Спаска кивнула. Ни спрашивать, ни говорить не хотелось.
– Меня просили передать, что Волче Желтый Линь арестован и жить ему осталось несколько часов.
Если бы у Спаски было чуть-чуть побольше сил, она бы вскрикнула. Нет, если бы у нее было чуть-чуть побольше сил, она бы подумала и поняла, что это проверка, что она выдаст Волче с головой, повернув в Хстов. Но она лишь вспомнила слова Чернокнижника о том, что встреча с Волче уготована ей в застенке башни Правосудия. И если она вернется в Хстов, храмовники отрубят ей ноги, чтобы она никуда не ушла, и посадят на цепь в какой-нибудь лавре.

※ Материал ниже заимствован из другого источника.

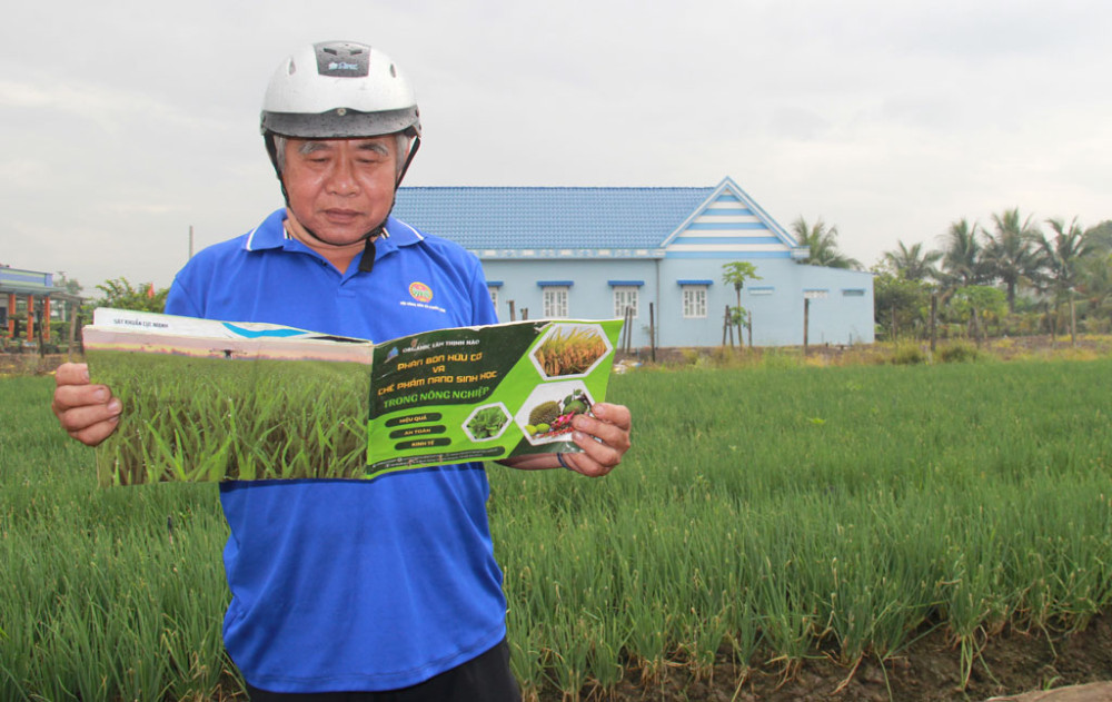 Mr. Vo Van Van (Phuoc Ke Hamlet, Phuoc Lam Commune, Can Giuoc District) often studies documents on organic production methods to apply to onion cultivation

После этого можно сколько угодно кидать «невидимые камни», им только это от нее и нужно. И пока Волче жив, она будет кидать «невидимые камни» туда, куда они прикажут. И, конечно, отец рано или поздно освободит их обоих, но ног у Спаски уже не будет.
Она заплакала не от страха, не от жалости к себе или к Волче – от того, что до Хстова так далеко идти и она может не успеть сказать им, что на все согласна, только бы Волче был жив.
Капитан смотрел на нее и чего-то ждал, но Спаска ничего ему не ответила – повернула назад и прихрамывая побрела по тракту прочь от заставы. Она и хотела бы идти быстрей, но у нее никак не получалось.
– Погоди! – окликнул ее удивленный капитан. – Зачем же идти пешком? Тебя отвезут.
Спаска замерла. Да, конечно, незачем идти пешком. Даже наоборот, в Хстов надо попасть как можно скорее, чтобы они не убили Волче. Но… Вот и все? Храмовники победили? И вся ее сила – сила Вечного Бродяги – ничего не стоит? Но как же, как же они догадались?
Спаска думала не долго, некогда было думать. Кивнула капитану, и тот спешился.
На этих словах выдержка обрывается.